Risk Management
Overview of Risk Management
What is Risk Management?
Risk Management (RM) is a tool to assist organizations in achieving goals and objectives. The ISO standard defines risk management as "coordinated activities to direct and control an organization with regard to risk" (CAN/CSA – ISO 31000-10, Risk Management – Principles and Guidelines, p. 2). The BC Risk Management Branch expands on this definition by identifying risk management as "efforts to understand and mitigate risk, reduce uncertainty and better meet or exceed goals and objectives" (BC Risk Management Guideline for the BC Public Sector, 2012). Traditionally, risk management has focused on specific categories of risk (silos) and how a particular risk might affect one aspect of organizational health (ASHRM, Risk Management Handbook for Health Care Organization, 5th Edition, p. 2). This approach of looking at risk in isolation, almost always avoids the opportunity to identify and manage risks from a "big picture" perspective.

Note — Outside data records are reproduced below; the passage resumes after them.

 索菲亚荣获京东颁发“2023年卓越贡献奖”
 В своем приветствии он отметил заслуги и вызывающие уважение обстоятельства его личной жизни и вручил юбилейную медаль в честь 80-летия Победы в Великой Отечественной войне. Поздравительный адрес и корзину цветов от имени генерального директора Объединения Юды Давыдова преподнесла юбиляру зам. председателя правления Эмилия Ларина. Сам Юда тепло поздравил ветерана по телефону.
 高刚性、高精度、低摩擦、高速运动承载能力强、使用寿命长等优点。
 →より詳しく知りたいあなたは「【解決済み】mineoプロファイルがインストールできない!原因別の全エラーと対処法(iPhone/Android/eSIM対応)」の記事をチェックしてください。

Enterprise Risk Management (ERM), as distinct from traditional RM, is a structured and disciplined approach to managing risk in the achievement of the organization’s overall goals.

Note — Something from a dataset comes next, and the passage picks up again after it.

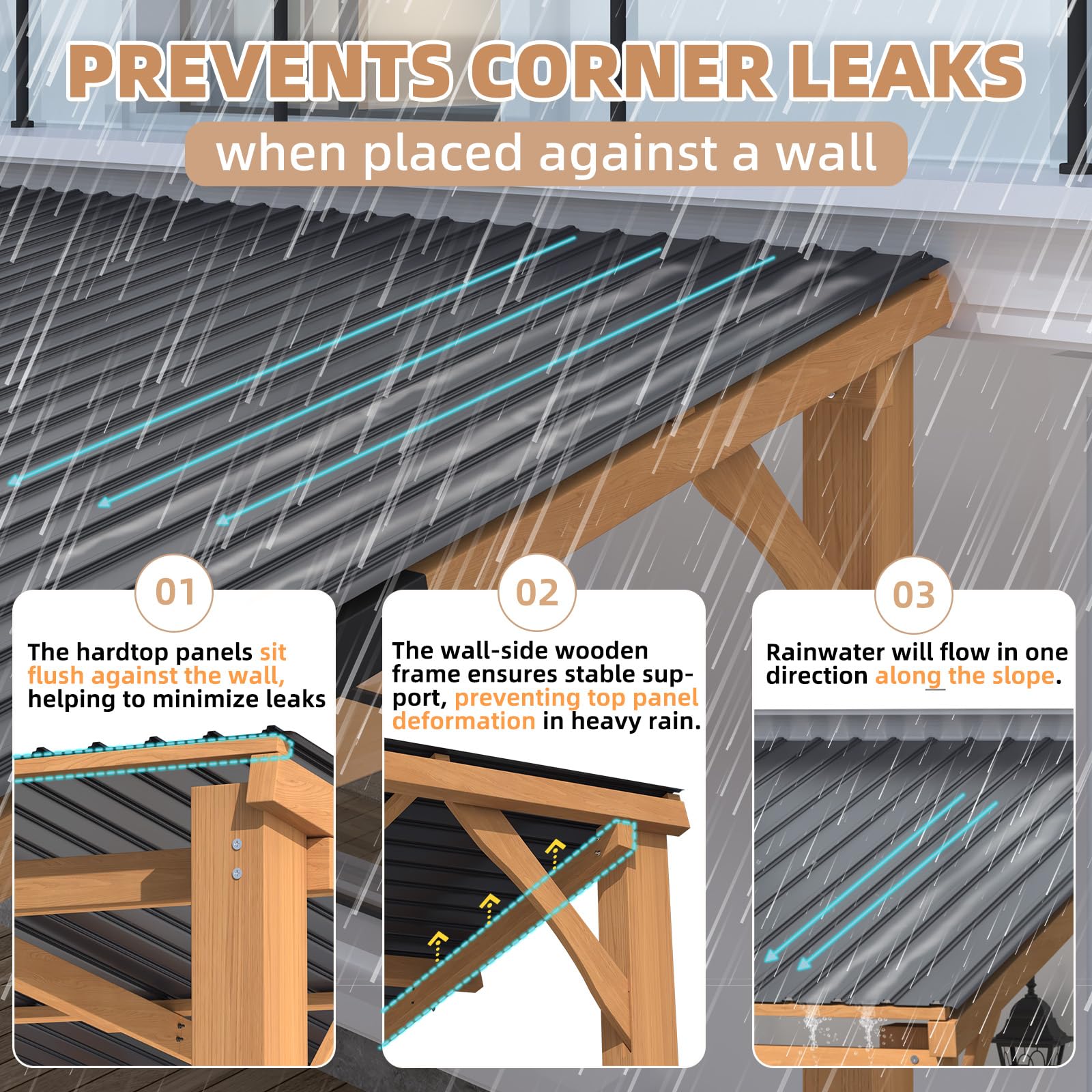 • 【Durability & Stability】Sturdy wooden frame ensures stability, preventing panel deformation in heavy rain. Hardtop fits tightly to the wall, channeling rainwater down the slope to reduce leakage. Withstands winds up to 70 mph and over 20 inches of snow.

ERM signifies: 1) the management of risk not only in conventional hazard categories, but in the full spectrum of strategic and operational risk; and 2) the adoption of risk management throughout the organization. It is essentially a decision process for managing uncertainties, and gives policy and resource allocation decisions a defensible basis (BC Risk Management Guideline for the BC Public Sector, 2012).
Effective ERM involves a commitment to quality control across all aspects of an organization’s operations, including local, regional and corporate services. It includes consideration of the organization’s particular objectives, context, structure, processes, functions, practices, services and assets. This means ensuring the capacity of the organization to identify, evaluate, reduce, eliminate, transfer, manage or avoid risks in all areas. The capacity includes the knowledge, behaviours and systems to "recover" from a lapse in quality to address actual and potential risks (e.g. claims and complaints) and to make improvements to avoid similar problems in the future.

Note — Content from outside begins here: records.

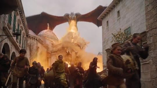 In similar fashion, “The Bells” succeeds at evoking sympathy for a woman I’d long thought to be irredeemable. Lena Headey barely utters a word as her character watches her city burn. Her tight expression scarcely shifts. Even her total defeat is conveyed only by a single, simple tear. All the while, though, Cersei Lannister’s eyes are burning even more fiercely than King’s Landing itself. You know that she’s ruminating on everything that she’s done and everything that she’s endured. Her entire adult life has been dictated by a childhood prophecy; she was fixated on keeping her children alive (“Gold shall be their crowns and gold their shrouds…”), only to fail, and now her efforts to prevent her role being usurped by a queen younger and more beautiful have too come to nought. “The Bells” renders Cersei an impotent spectator as the latter part of Maggy the Frog’s prophecy plays out in a Hellish conflagration and she realises that the child she is carrying won’t ever see the world. Again, it might be unpopular with many, but for Cersei it really couldn’t have ended any other way. She said it herself, right back in the beginning: “You win or you die.” Having her go out with a sword in her hand or Needle in her back would have been wasteful. She had to have everything stripped from her again, one piece at a time: every soldier, every sellsword; even her bodyguard and her loyal hand. A queen is a symbol of power, and Cersei was forced to look on as the source of that power vanished before her. What made it all so bloody impressive, though, was the fact that the show managed to engender pity for her. At one point, despite everything, I was actually rooting for her to win, just as I was against the Faith Miltant in “The Winds of Winter”. There is always a greater evil, and from a certain angle even the darkest grey can look like shining white. Now that's the Game of Thrones that I fell in love with.
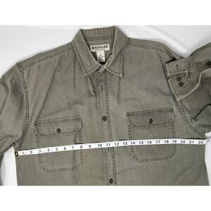 Magellan Sportswear Long Sleeve size Medium. Shoulder to bottom of shirt 31 inches long. Shoulder to Collar 7.5 inches long. Armpit to armpit 22.5 inches across. Shoulder to wrist 23.5 inches long. Very light spot with discoloration near wrist of right sleeve as seen on photo.
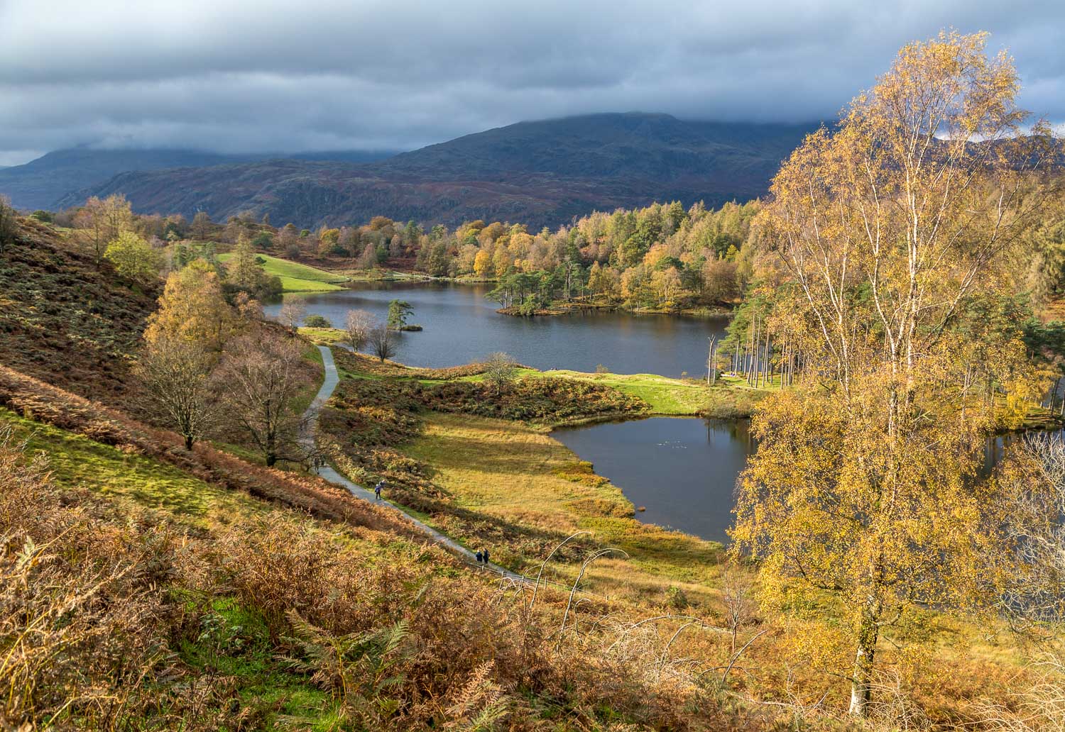 Tarn Hows is a well known beauty spot, perhaps too well known as it can be a little busy at times. The tarn is partly artificial, having been formed in the 19th century by merging three small tarns. When the Tarns and its setting came up for sale in 1929, they were bought by Beatrix Potter who sold the half containing Tarn Hows to the National Trust, and bequeathed the rest of the estate to the Trust in her will

The advantages of comprehensive and robust ERM include:
- A shared awareness of
- The ability to treat the incidence and impact of the risks that do materialize.
- The likelihood and potential impacts of the risks materializing and
- The extent and categories of risk regarded as acceptable
- The nature and extent of the risks and opportunities faced by the organization
- Concrete reasoning for decisions made before, during, and after risks and opportunities materialize
- Regular review of effectiveness of the risk assessments / treatments
- Appropriate assessment of the cost of risk treatment relative to benefit of managing the risk
- Regular and ongoing monitoring and reporting of risk
There continues to be evolution in the mechanisms and paths through which operational systems, information exchange and the monitoring of risk actually takes place within and between agencies. Considerable effort is now directed toward the design of systems that tie RM to quality improvement as well as with other related functions such as consumer satisfaction, utilization management, quality assurance, worker safety and health, asset protection and crime prevention throughout the organization.
There is no one best way to achieve this improved integration. Solutions will be organization-specific, vary with resources, local circumstances, expertise, unique programs and the philosophy or ethos of the entity. These changes in context and responsibilities showcase the ongoing need to adapt RM and ERM efforts.